Genuine Kashmiris who stay that side of Jawahar tunnel pine to live a liberal life of grace and dignity in which they breathe and practice all freedoms and reap benefits of a democratic setup; A life and situation in which every one is free to profess and advocate his views without demeaning the views of others and without prejudice and fear of retribution. Those Kashmiris who live this side of Jawahar tunnel dream and aspire to go back to live in peace and tranquility of their homeland of saints, sages and places of beauty and worship. Yet all these aspirations remain as hallucinations for the simple reason that imported Islamic terrorists and their local associates persist in harassing and blackmailing common people into subjugation and surrender, to fundamentally accept such mores and values which were alien to Kashmiri ethos.
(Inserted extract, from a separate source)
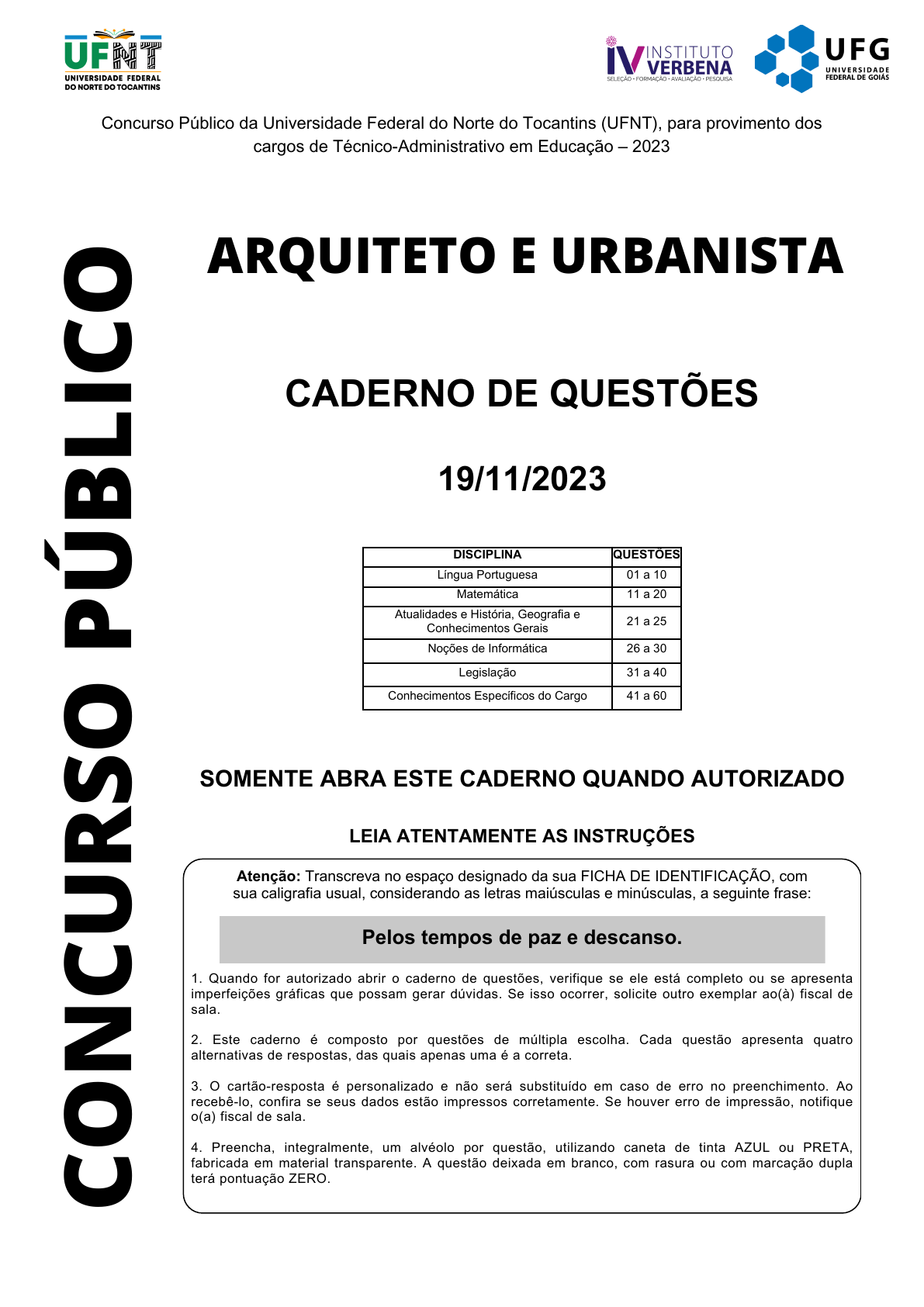 pcimarkpci MjgwNDowZTY0OjE1ZTc6Y2UwMDoxYzA3OjlkNDI6YTc1ZDoyNjhi:VGh1LCAwOCBNYXkgMjAyNSAwMDozNTo0OSAtMDMwMA== www.pciconcursos.com.br DISCIPLINA QUESTÕES Língua Portuguesa 01 a 10 Matemática 11 a 20 Atualidades e História, Geografia e Conhecimentos Gerais 21 a 25 Noções de Informática 26 a 30 Legislação 31 a 40 Conhecimentos Específicos do Cargo 41 a 60 1. Quando for autorizado abrir o caderno de questões, verifique se ele está completo ou se apresenta imperfeições gráficas que possam gerar dúvidas. Se isso ocorrer, solicite outro exemplar ao(à) fiscal de sala. 2. Este caderno é composto por questões de múltipla escolha. Cada questão apresenta quatro alternativas de respostas, das quais apenas uma é a correta. 3. O cartão-resposta é personalizado e não será substituído em caso de erro no preenchimento. Ao recebê-lo, confira se seus dados estão impressos corretamente. Se houver erro de impressão, notifique o(a) fiscal de sala. 4. Preencha, integralmente, um alvéolo por questão, utilizando caneta de tinta AZUL ou PRETA, fabricada em material transparente. A questão deixada em branco, com rasura ou com marcação dupla terá pontuação ZERO. ARQUITETO E URBANISTA Atenção: Transcreva no espaço designado da sua FICHA DE IDENTIFICAÇÃO, com sua caligrafia usual, considerando as letras maiúsculas e minúsculas, a seguinte frase: Pelos tempos de paz e descanso. CO N CU RS O P Ú BL IC O 19/11/2023 CADERNO DE QUESTÕES SOMENTE ABRA ESTE CADERNO QUANDO AUTORIZADO LEIA ATENTAMENTE AS INSTRUÇÕES Concurso Público da Universidade Federal do Norte do Tocantins (UFNT), para provimento dos cargos de Técnico-Administrativo em Educação – 2023 pcimarkpci MjgwNDowZTY0OjE1ZTc6Y2UwMDoxYzA3OjlkNDI6YTc1ZDoyNjhi:VGh1LCAwOCBNYXkgMjAyNSAwMDozNTo0OSAtMDMwMA== www.pciconcursos.com.br UFNT-TAE/2023 CONCURSO PÚBLICO IV/UFG Língua Portuguesa_Superior Leia o Texto 1 para responder às questões 01 e 02. Texto 1 O discurso do humor: temas, técnicas e leituras Se você diz a alguém que estuda piadas, o primeiro efeito que produz ainda é o riso. É uma pena que seja assim, porque as piadas são de fato um tipo de material altamente interessante. Por várias razões. Em primeiro lugar, as piadas são interessantes para os estudiosos porque praticamente só há piadas sobre temas que são socialmente controversos. Assim, sociólogos e antropólogos poderiam ter nelas um excelente corpus para tentar reconhecer (ou confirmar) diversas manifestações culturais e ideológicas, valores arraigados. [...] Em segundo lugar, porque piadas operam fortemente com estereótipos. Assim, fornecem um bom material para pesquisas sobre "representações", por exemplo. Possivelmente, qualquer estudioso tenha o direito de afirmar que tais representações são grosseiras demais para revelarem qualquer fato significativo. Mas estará enganado. De fato, elas revelam que, frequentemente, discursos operam mesmo com representações grosseiras, estereotipadas. E que, portanto, muitas ações sociais são realizadas com esse frágil fundamento – não dar emprego a determinados tipos de pessoas por causa de seu sotaque ou da cor de sua pele ou do seu tamanho, por exemplo. [...] Em terceiro lugar, as piadas são interessantes porque são quase sempre veículo de um discurso proibido, subterrâneo, não oficial, que não se manifestaria, talvez, através de outras formas de coletas de dados, como entrevistas. Outra face da mesma característica é que as piadas veiculam discursos não explicitados correntemente (ou, pelo menos, discursos pouco oficiais). [...] POSSENTI, Sírio. Os humores da língua. Campinas: Mercado de Letras, 1998, p. 25-26. QUESTÃO 01 Considerando a organização do texto, a função do período “Por várias razões.” é (A) colaborar na progressão textual, anunciando os argumentos que sustentarão a tese do texto. (B) dificultar a compreensão do texto, estabelecendo uma referência que é irrecuperável textualmente. (C) retomar a tese apresentada, funcionando como um elemento anafórico que estabelece remissão textual. (D) funcionar como um organizador textual, apresentando um argumento que sustenta a tese apresentada. QUESTÃO 02 No segundo parágrafo, reforça-se a ideia de que as piadas ainda não são utilizadas como objeto de investigação. Essa ideia é explícita pelo emprego (A) do conectivo “assim”. (B) da locução verbal “poderiam ter”. (C) do sintagma “excelente corpus”. (D) do sintagma “sociólogos e antropólogos”. Leia o Texto 2 para responder às questões 03 e 04. Texto 2 QUINO. Mafalda. São Paulo: Martins Fontes, 2002. QUESTÃO 03 O sentido de humor dessa tira é construído com base na polissemia da palavra (A) “isso”. (B) “cultura”. (C) “toma”. (D) “veículo”. QUESTÃO 04 No período do último balão “Se eu fosse a cultura, saltava do veículo e ia a pé.”, a oração subordinada destacada indica o valor semântico de (A) causa. (B) concessão. (C) condição. (D) consequência. pcimarkpci MjgwNDowZTY0OjE1ZTc6Y2UwMDoxYzA3OjlkNDI6YTc1ZDoyNjhi:VGh1LCAwOCBNYXkgMjAyNSAwMDozNTo0OSAtMDMwMA== www.pciconcursos.com.br UFNT-TAE/2023 CONCURSO PÚBLICO IV/UFG Língua Portuguesa_Superior Leia o Texto 3 para responder às questões 05 e 06. Texto 3 O casamento do século Um príncipe se apaixona por uma plebeia, colega de faculdade, pede-a em casamento e recebe a bênção da família real, da Igreja e do restante do mundo em uma história digna dos contos de fada. Diz-se que o casamento do príncipe William com Kate Middleton foi mais esperado que final de Copa do Mundo. Mais de dois bilhões de pessoas acompanharam a cerimônia, realizada na Abadia de Westminster, no dia 29 de abril de 2011. Disponível em: . Acesso em: 06 out. 2023. QUESTÃO 05 No texto, fragmento de uma reportagem, o segmento “na Abadia de Westminster, no dia 29 de abril de 2011” exerce a função de organizador textual e estabelece uma relação lógi

They have torn to shreds the entire social fabric of Kashmiri society, which will take ages to mend even after the mad fringe of society which is presently on a killing prowl, is crushed and eliminated in a finish.

Till that time in the future hopefully to come, Kashmir will remain in the fundamentalist’s domain, where there will be no scope and space for re-growth and re-development of composite Kashmiri culture. And Kashmiri Pandits (the original inhabitants of the Valley) will persist to be deemed as ancient relics of Kashmir’s past to be consigned to the pages of Kashmiri history in library archives. That too if we are lucky because there seems to be a mandate to even wipe us from the texts of history books!
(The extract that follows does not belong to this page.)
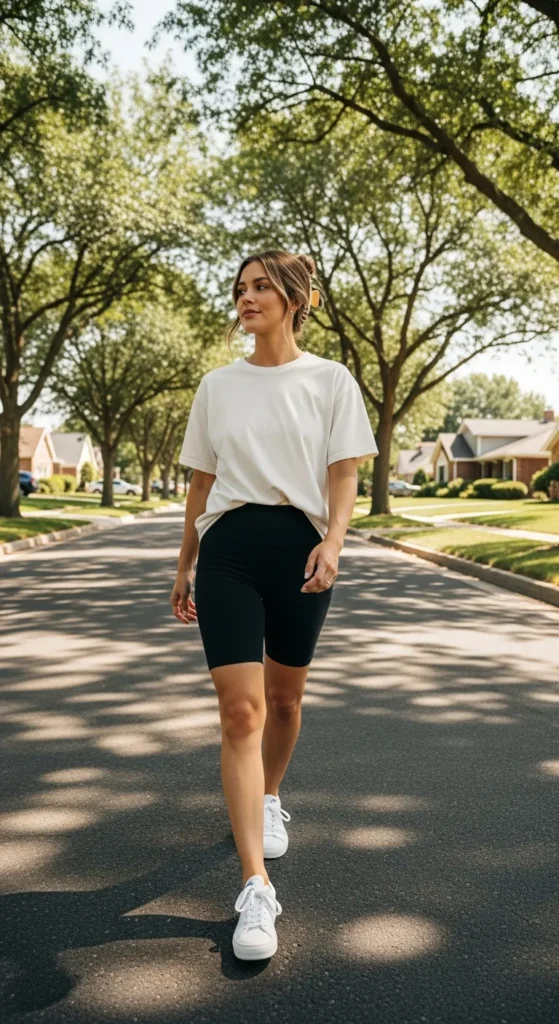 An oversized neutral tee with fitted black shorts feels effortless and youthful. It’s a go-to outfit for hot days when comfort matters but style still counts.

This is the truth for Kashmiri Hindus even as both the State and Central Govts proclaim that conditions in the Valley are limping back to normalcy. Such proclamations by the powerful elite are to simply create a delusion in both at Srinagar and Delhi and mislead the people of India; whereas the fact is that Kashmiri Hindus have been eliminated from the political and social landscape of the Valley by a willful design of the Islamic terrorists. Their instruments were widespread and random brutal killings, ransacking and vandalizing of Kashmiri Hindu properties, usurping these or turning these into ghost places. Kashmiri Hindu jobs and businesses have either been ruined or snatched. Now even their traces and footprints are being removed so that they have no moorings and therefore no hopes of going back. Only a miniscule number of some 5000 odd Kashmiri Pandits have been held back as political hostages to mislead the international community and show that the race of Kashmiri Pandits has not been totally cleared from the Valley.
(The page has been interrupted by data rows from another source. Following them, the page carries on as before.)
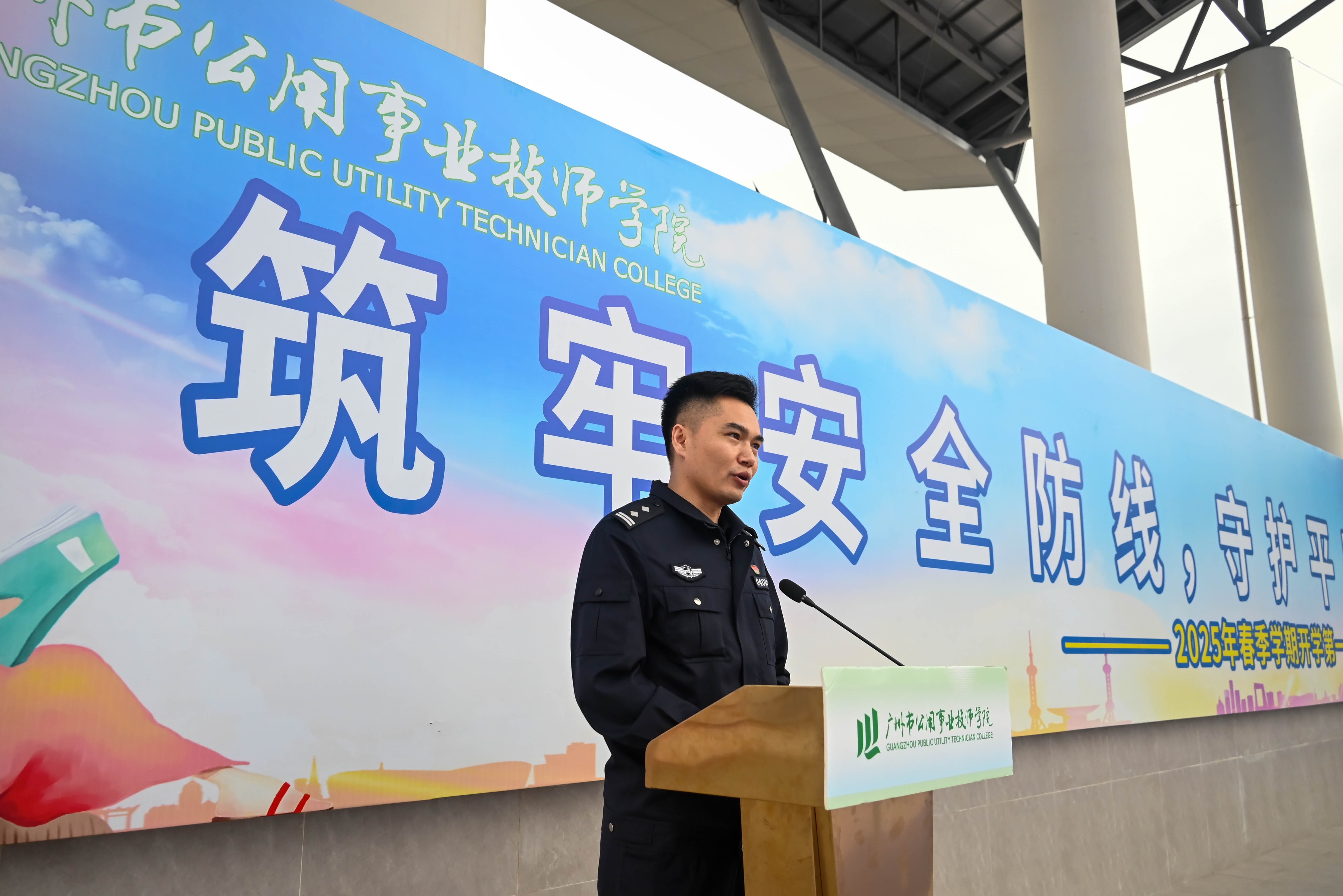 学院法治副校长、广州市公安局增城分局朱村街派出所黄所长为学院师生讲授校园安全教育第一课。他从近期警情通报讲起,讲解未成年人违法犯罪的法律规定和违法后果,围绕电信网络诈骗典型案例、交通安全、AI干警等方面开展法治教育和主题宣传,教育师生学法守法懂法用法,从自身做起,增强安全防范意识,共同维护校园安全稳定。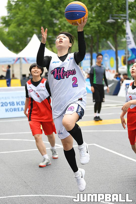[점프볼=서울마당/유용우 기자] 27일 서울마당에서 열린 2018 KBA 3x3 코리아투어 서울대회 2일차 경기, WKBL 호프스 김진희가 레이업을 올리고 있다.
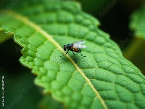 A tiny fly hovering around a delicate green leaf with intricate veins and small ridges, aerial view, nature scene, outdoor landscape
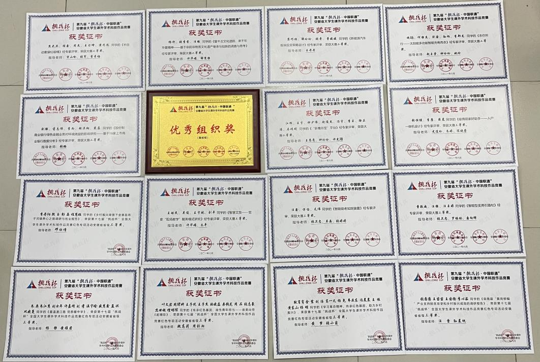 本网讯(通讯员:李丹阳)6月20日,第九届“挑战杯·中国联通”安徽省大学生课外学术科技作品竞赛(以下简称“挑战杯”)交流营暨颁奖仪式在安庆师范大学成功举办。贝博官网在本届“挑战杯”赛事中荣获省级奖项16项,其中省二等奖6项、省三等奖4项、“挑战杯”红色专项活动省三等奖5项,实现省奖数量、省二等奖数量双倍增,并突破性荣获“优秀组织奖”。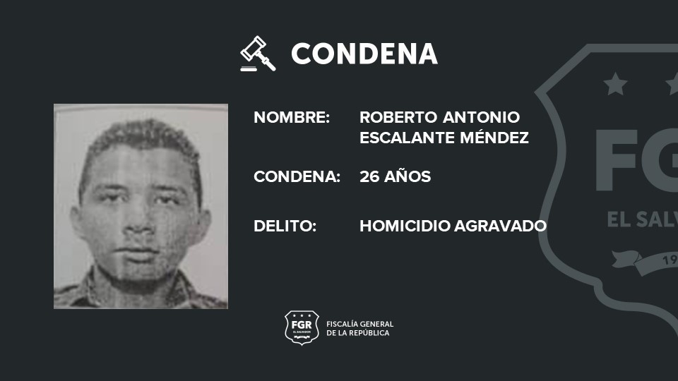 Santa Ana. 26 años de cárcel logró la Fiscalía para Roberto Antonio Escalante Méndez, René Simón Granados Salazar, quienes mataron a una persona con arma de fuego en el cantón Potrerios del Matazano en Santa Ana.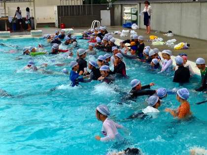 7月7日(月)、6年生ではプール換水の日に合わせて「着衣水泳」を実施しました。服を着たままプールに入ることに、子どもたちは不安な表情を見せていました。入ってみると「体が重い」「泳ぎにくい」「べたべたくっついて気持ち悪い」など、普段の水着と違うことを体感していました。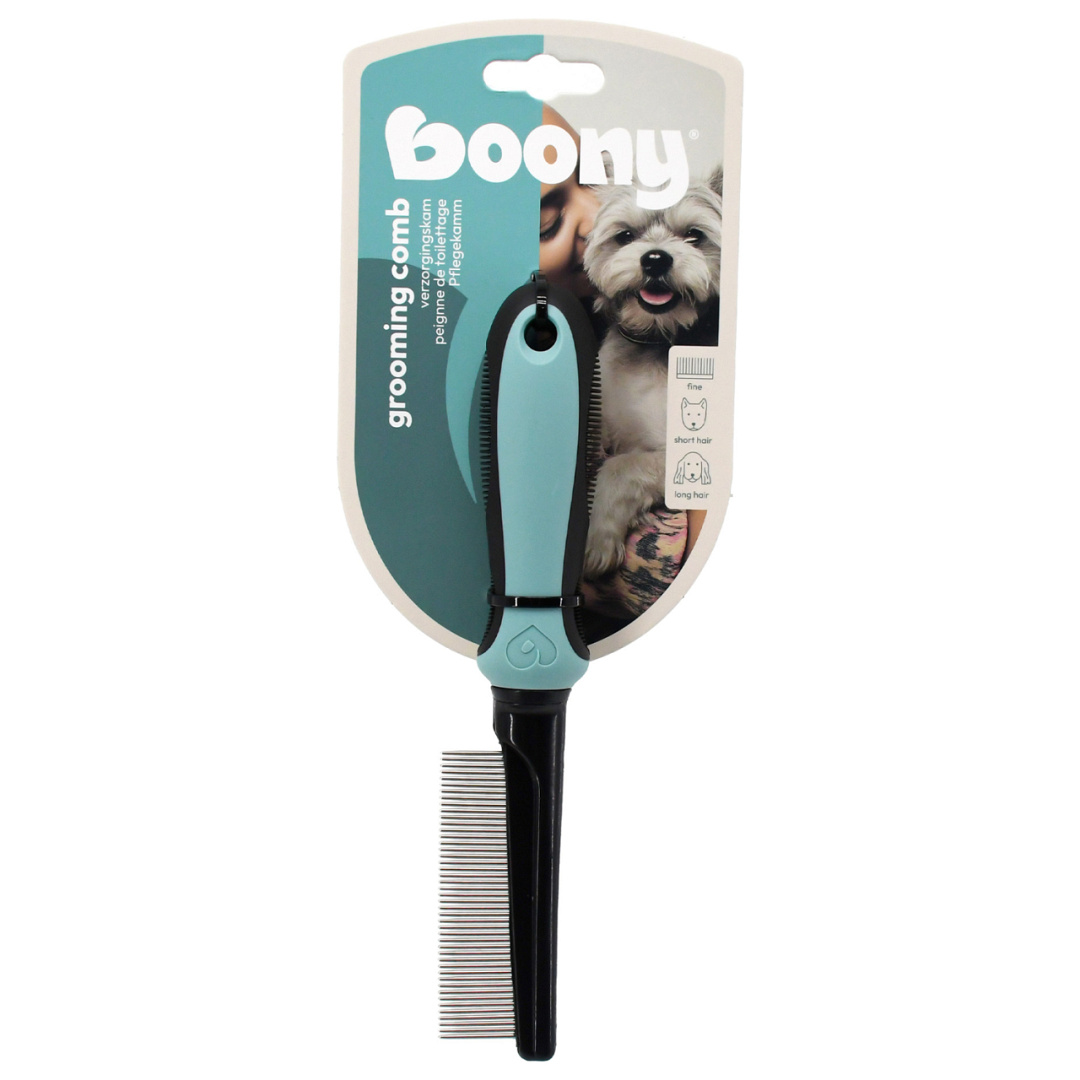 Deze Boony Fijne verzorgingskam is onmisbaar voor honden met een lange, dunne vacht. De kam maakt de vacht los en verwijdert daarbij op een doeltreffende manier losse haren, vuil en beginnende klitten. Zo blijft de vacht gezond, schoon en vrij van verstoringen.

A young Kashmiri Doctor Bhutt could not but consider the sight of a Kashmiri Hindu as uncommon, comparable to watching a specimen of an endangered species. But this tragedy is lost on fellow Kashmiri Hindus and we are unable to come together around issues of community preservation. We have not been able to create a vision for ourselves as we seem to have generally lost the zest and longing for our homeland. We still continue to play games of one-upmanship with each other due to our inflated egos. If it remains so, we may even have to accept such a losing fate in eventuality. Just for the simple reason that we have not yet been able to iron and straighten our internal differences which at the most are trivial and trite. We will never be able to see the light at the other end of the Jawahar tunnel.

This light is still blinking at us to grasp realities and restart our journey of self-help so that we are able to assert our fundamental right to live in Kashmir. If we fail to assert this basic and fundamental right of survival, we will wither sooner than later. If at all we will become relics in the annals of Kashmir history and for this our future generations will not condone us. Should we consent for that to happen?

*P.N.Ganjoo was born in a modest Kashmiri family about 7 decades ago, lost his father early and was raised by his honest, hardworking mother. With her efforts he received his education in Srinagar and went on to serve in various Government Departments before retiring as a senior grade KAS officer.

Presently he is working on his varied interests besides being a consulting Director of a software services company.